Give the listing again, word for word, and let no picture into it.

INFORMATION SHOWN below:

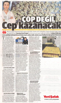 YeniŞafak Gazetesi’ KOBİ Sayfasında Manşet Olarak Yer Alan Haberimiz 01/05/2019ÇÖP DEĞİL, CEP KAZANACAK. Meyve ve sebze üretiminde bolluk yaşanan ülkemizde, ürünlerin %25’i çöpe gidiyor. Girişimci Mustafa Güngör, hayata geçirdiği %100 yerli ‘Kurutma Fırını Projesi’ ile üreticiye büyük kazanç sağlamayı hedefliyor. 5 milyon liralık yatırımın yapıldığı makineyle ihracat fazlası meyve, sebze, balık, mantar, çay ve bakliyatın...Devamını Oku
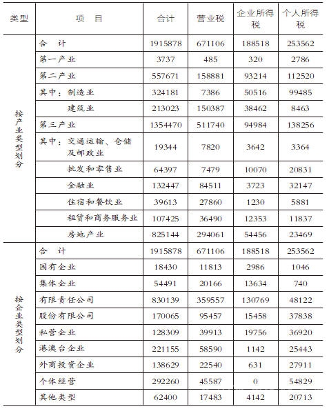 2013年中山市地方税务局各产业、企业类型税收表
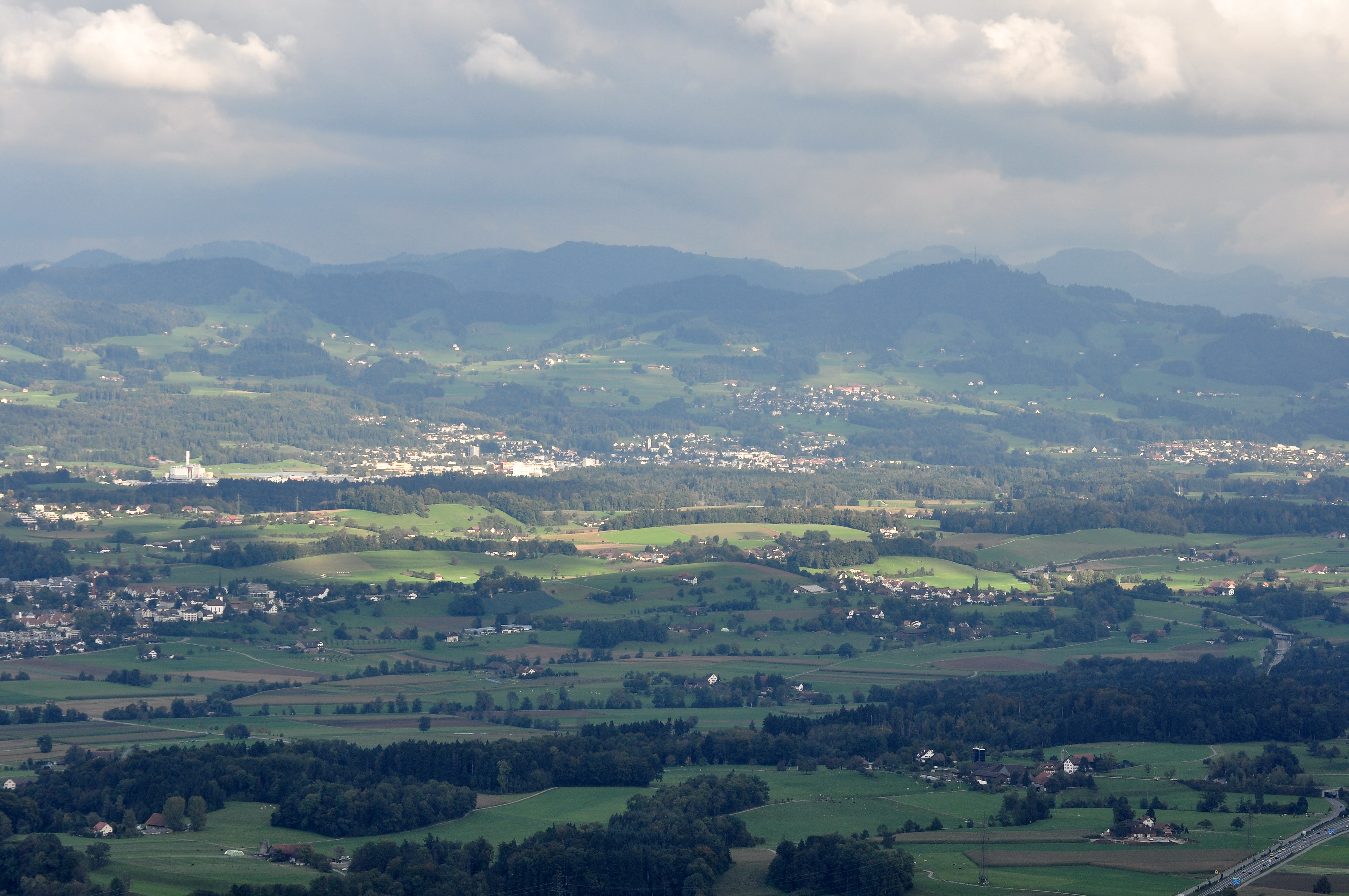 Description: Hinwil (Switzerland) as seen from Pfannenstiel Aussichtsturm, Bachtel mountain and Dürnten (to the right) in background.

End of INFORMATION SHOWN.

YOUR SOLUTION =>
 YeniŞafak Gazetesi’ KOBİ Sayfasında Manşet Olarak Yer Alan Haberimiz 01/05/2019ÇÖP DEĞİL, CEP KAZANACAK. Meyve ve sebze üretiminde bolluk yaşanan ülkemizde, ürünlerin %25’i çöpe gidiyor. Girişimci Mustafa Güngör, hayata geçirdiği %100 yerli ‘Kurutma Fırını Projesi’ ile üreticiye büyük kazanç sağlamayı hedefliyor. 5 milyon liralık yatırımın yapıldığı makineyle ihracat fazlası meyve, sebze, balık, mantar, çay ve bakliyatın...Devamını Oku
 2013年中山市地方税务局各产业、企业类型税收表
 Description: Hinwil (Switzerland) as seen from Pfannenstiel Aussichtsturm, Bachtel mountain and Dürnten (to the right) in background.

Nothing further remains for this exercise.